Hello I am trying to classify text, here is the code

df <- read.csv("D:/AS/tokpedprepro.csv")

#sampling
set.seed(123)
df <- df[sample(nrow(df)),]
df <- df[sample(nrow(df)),]

#Convert to corpus
dfCorpus <- Corpus(VectorSource(df$text))
inspect(dfCorpus[1:20])

#convert DTM
dtm <- DocumentTermMatrix(dfCorpus)
inspect(dtm[1:4, 3:7])

#Data Partition
df.train <- df[1:20,]
df.test <- df[21:37,]

dtm.train <- dtm[1:20,]
dtm.test <- dtm[21:37,]

df.Corpus.train <- dfCorpus[1:20]
df.corpus.test <- dfCorpus[21:37]

train.class <- df$data.class

#TFIDF
dtm.train.knn <- DocumentTermMatrix(df.Corpus.train, control = list(weighting = 
function(x) weightTfIdf(x, normalize = FALSE)))
dim(dtm.train.knn)

The dimension is

[1]  20 194

dtm.test.knn <- DocumentTermMatrix(df.corpus.test, control = list(weighting = 
function(x) weightTfIdf(x, normalize = FALSE)))
dim(dtm.test.knn)

the dimension is

[1]  17 211

Then

knn.pred <- knn(dtm.train.knn, dtm.test.knn, train.class, k=1 )

But error 'train' and 'class' have different lengths

What should i do?

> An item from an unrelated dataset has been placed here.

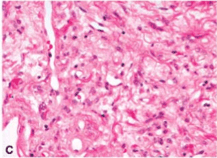 (C) H&E stain of angiomyofibroblastoma composed of a proliferation of vascular spaces with relatively hypercellularstroma and spindled to ovoid cells displaying mild nuclear pleomorphism (magnification X400);
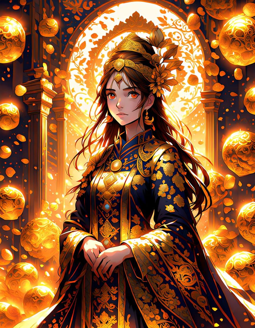 This digital art illustration features a woman in opulent attire, covered in shimmering gold coins and jewels. Volumetric lighting creates a warm, golden glow, highlighting intricate details and rich textures.

Thanks

dikfaj
  • 1
  • 2
  • Please create a [reproducible example](http://stackoverflow.com/questions/5963269/how-to-make-a-great-r-reproducible-example). – phiver Jan 12 '20 at 09:08

1 Answers1

0

Your train.class is train.class <- df$data.class, but your dtm.train.knn is based on dfCorpus[1:20]. You need to change length of your train.class, probably as train.class <- df$data.class[1:20].

jyr
  • 690
  • 6
  • 20